Thanks, guys , This computer has had little use, its never had a download I have reclaimed about 3GB, by deleting apps and a couple of windows past updates, I need another 3 GB, I figure the unit has been filled up with windows updates, temp file is empty , my goal is doing an out of the box clean retore, I need three more GB,


----------



## flavallee (May 12, 2002)

Other than what I've already suggested, I don't know how else you can reclaim another 3 GB of free space.
That 32 GB(28 GB actual capacity) eMMC drive is just too small.

--------------------------------------------------------------


----------



## managed (May 24, 2003)

Try running Disk Cleanup and click on the 'Clean up system files' button and post a screen-shot of the new window please.

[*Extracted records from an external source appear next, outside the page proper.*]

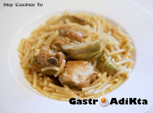 Anna, autora del blog Gastroadikta, nos presenta una receta para vuestra sección Hoy Cocinas Tú muy nutritiva y reconfortante, son los Fideos a la cazuela con costilla y alcachofas que podéis ver sobre estas líneas.
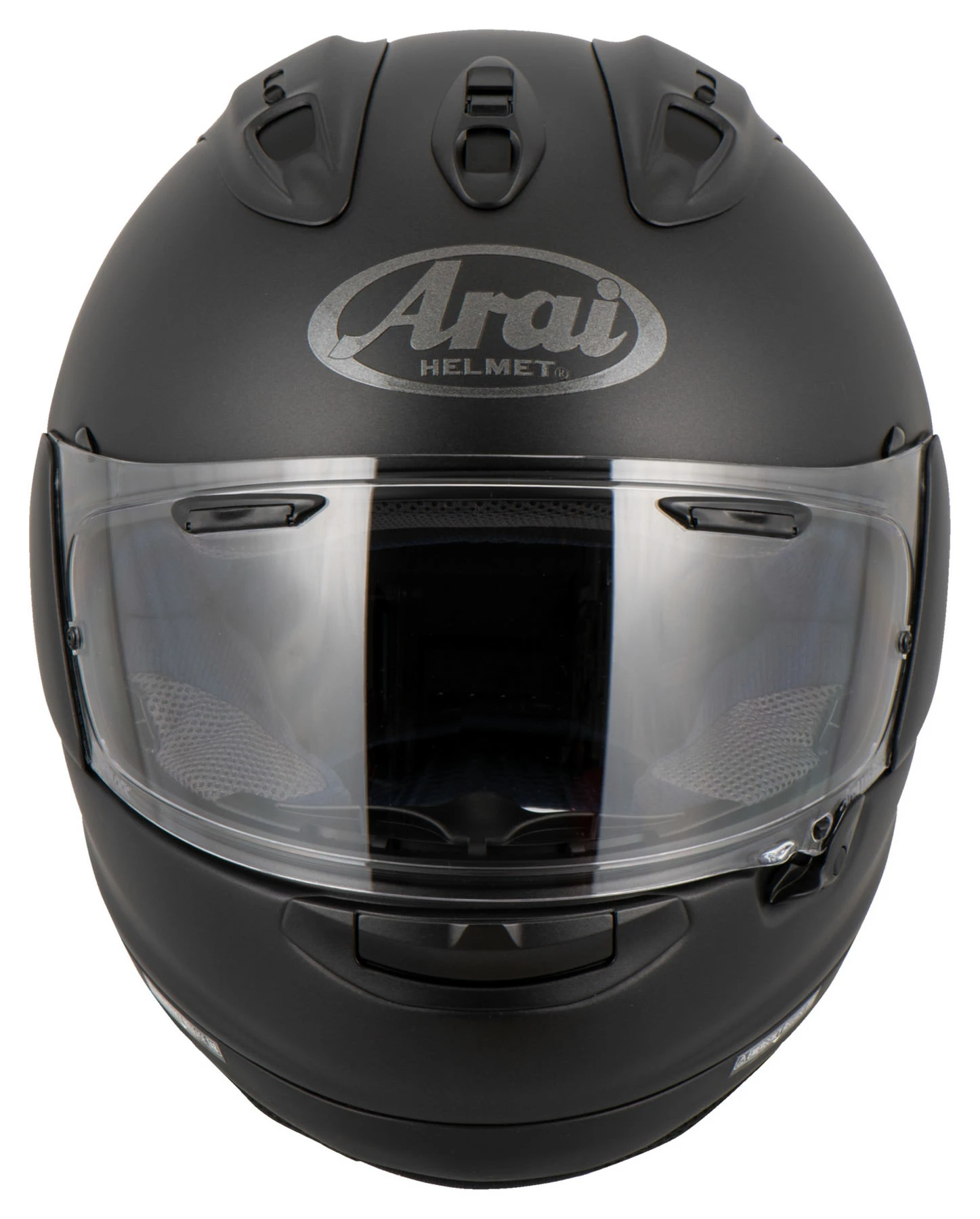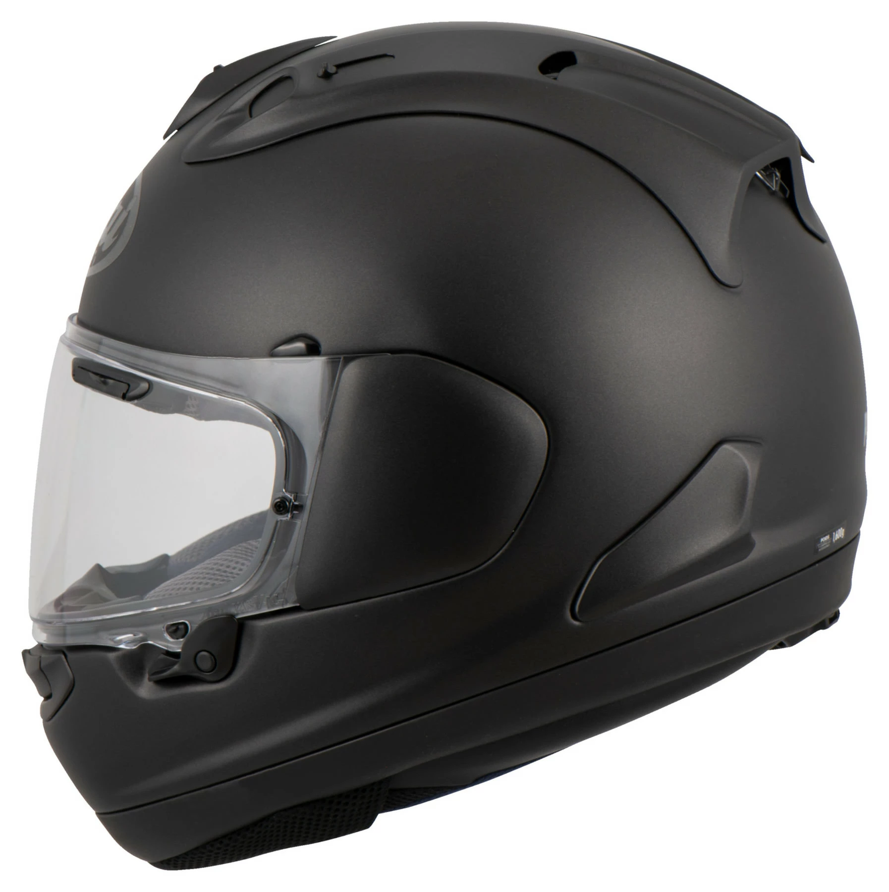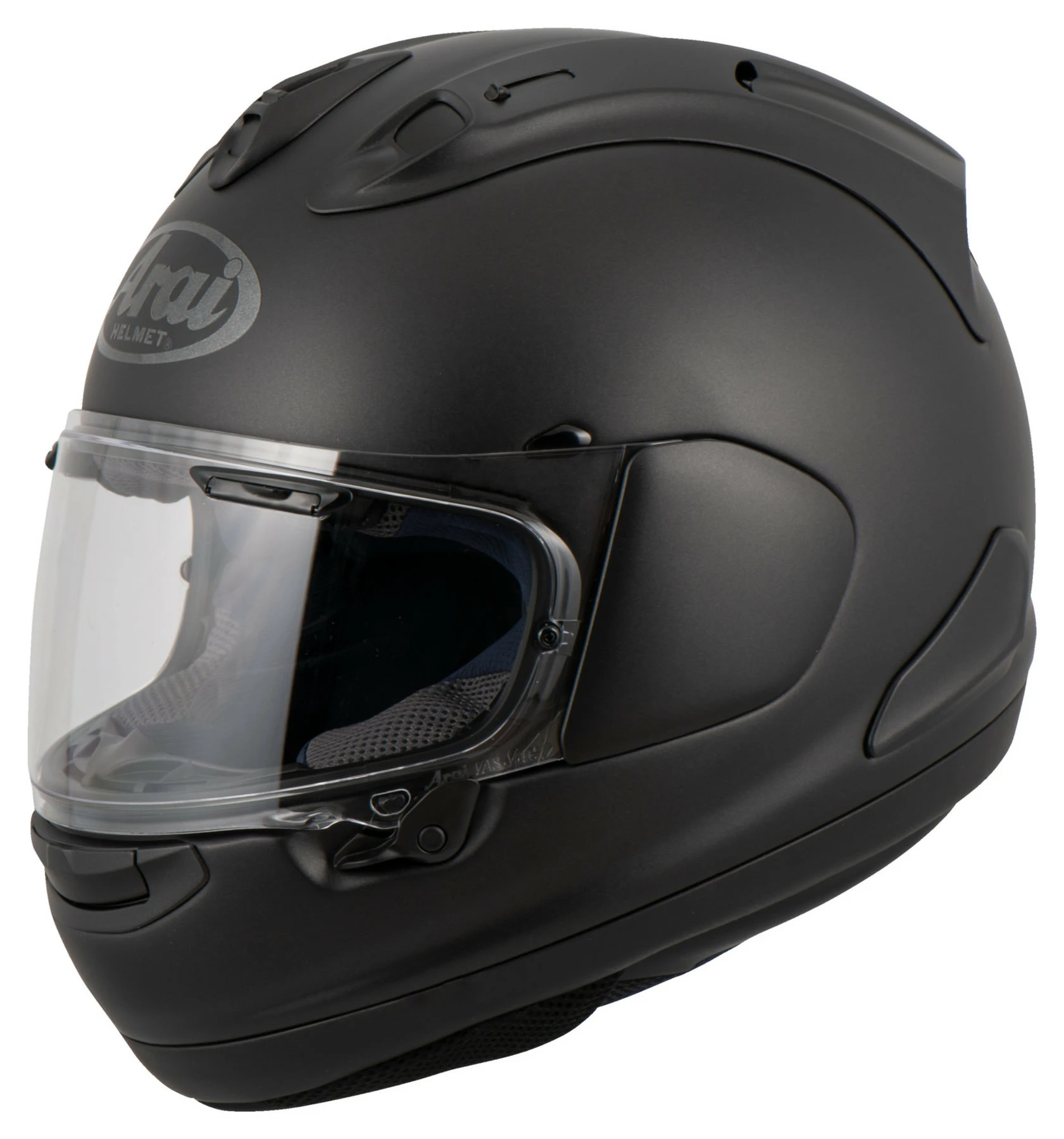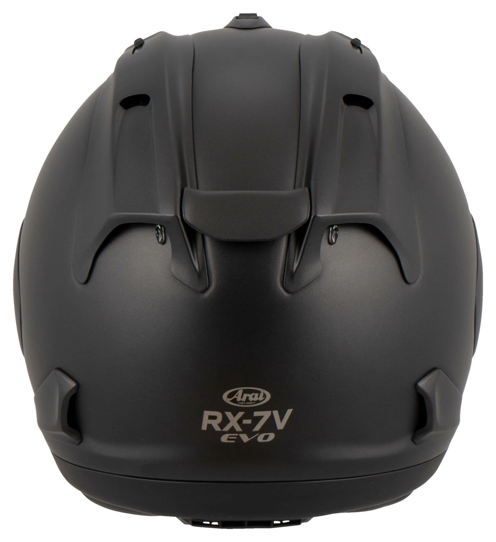 Arai *RX-7V EVO* – what a motorbike racing helmet. Arai has reached the next level of helmet evolution. Improved aerodynamics, more air and ventilation bring you an absolute plus in riding fun with this premium full-face helmet. The Arai *RX-7V EVO* is not only one of the best helmets on the market, but also one of the “airiest”. An exemplary ventilation system with large inlets and a 2-way adjustable venting system ensures an exemplary helmet climate under the shell. The glide behaviour of the *RX-7V EVO* is also unparalleled, which stands for even more protection and safety. Get ready for the Arai *RX-7V EVO*.
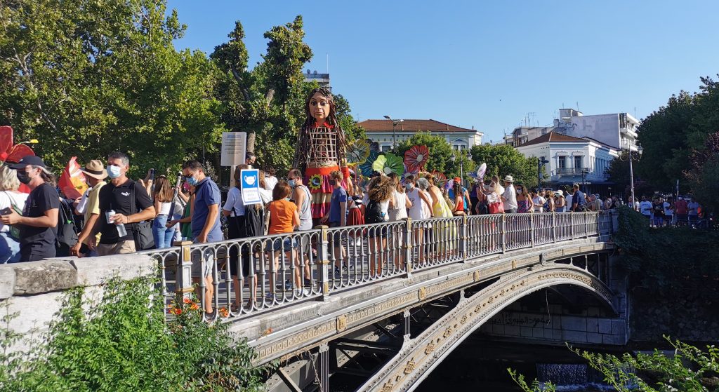 Αμέσως μετά, συνοδεία των μικρών τρικαλινών και των οικογενειών τους, με την τήρηση των υγειονομικών πρωτοκόλλων, περπατώντας δίπλα από τον ποταμό (σε έναν συμβολισμό για την όμορφη τρικαλινή φύση) η Αμάλ στάθηκε στην κεντρική πεζογέφυρα των Τρικάλων. Εκεί χαιρέτισε με υπόκλιση το άγαλμα του Ασκληπιού, του αρχαίου θεού της Ιατρικής, του πρώτου γιατρού της ανθρωπότητας, που θεράπευε στις όχθες του Ληθαίου ποταμού.
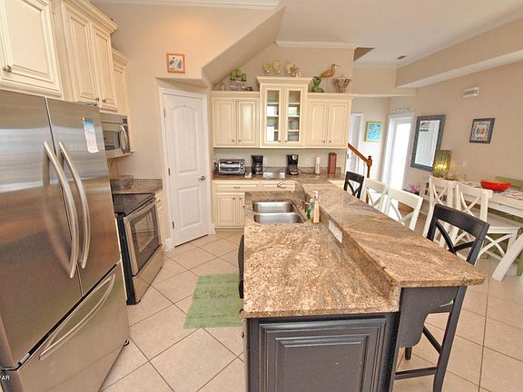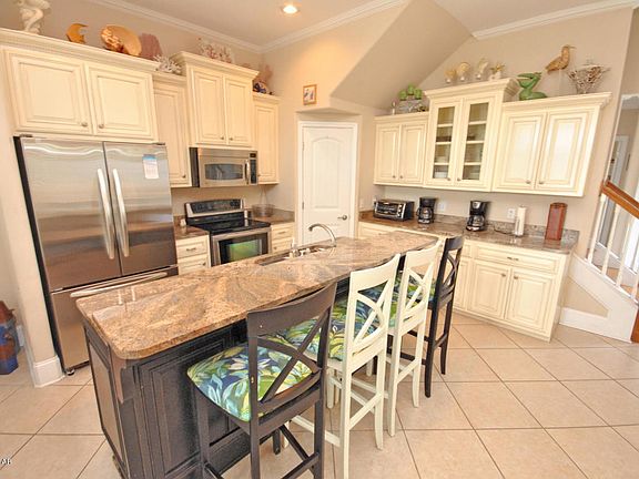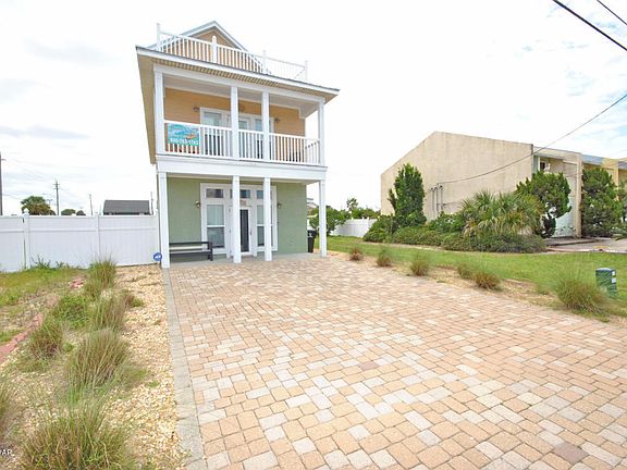 Beautiful Beach House 4 bedrooms and 4 full bathrooms only steps from the beach with gulf view from second and third story leisure deck. Home features ceramic tile throughout and hardwood flooring. A great open floor plan with kitchen overlooking the family room and fireplace. Kitchen incorporates all stainless steel appliances, breakfast bar and granite counter top, new cabinets. Crown molding through out. There is a master bedroom on the 1st and 2nd floor. The first floor has a laundry room. Second floor has the additional bedrooms with each bedroom having its own full bathroom. The third floor has a great bonus room, additional bedroom with wet bar/fridge and large outside deck overlooking the gulf. The back yard has an in ground heated pool and custom paved decking throughout. Take

https://forums.techguy.org/help/screenshot/


----------



## Rosemarie49 (Jan 1, 2020)

managed said:


> Try running Disk Cleanup and click on the 'Clean up system files' button and post a screen-shot of the new window, please.
> 
> https://forums.techguy.org/help/screenshot/


Thanks after deleting software distribution folders I only need 2gb I already used cleanup system file, but I have been here before when I find space it will do an update, I need to find deletes that don't require restarting, one thing I found under update history, is that there are over 50 failed updates going back to 2018 it's on version 10.0.15063 I can see its tried to do other version updates, and failed multiple times


----------



## managed (May 24, 2003)

You can prevent it updating by disconnecting from the Internet.


----------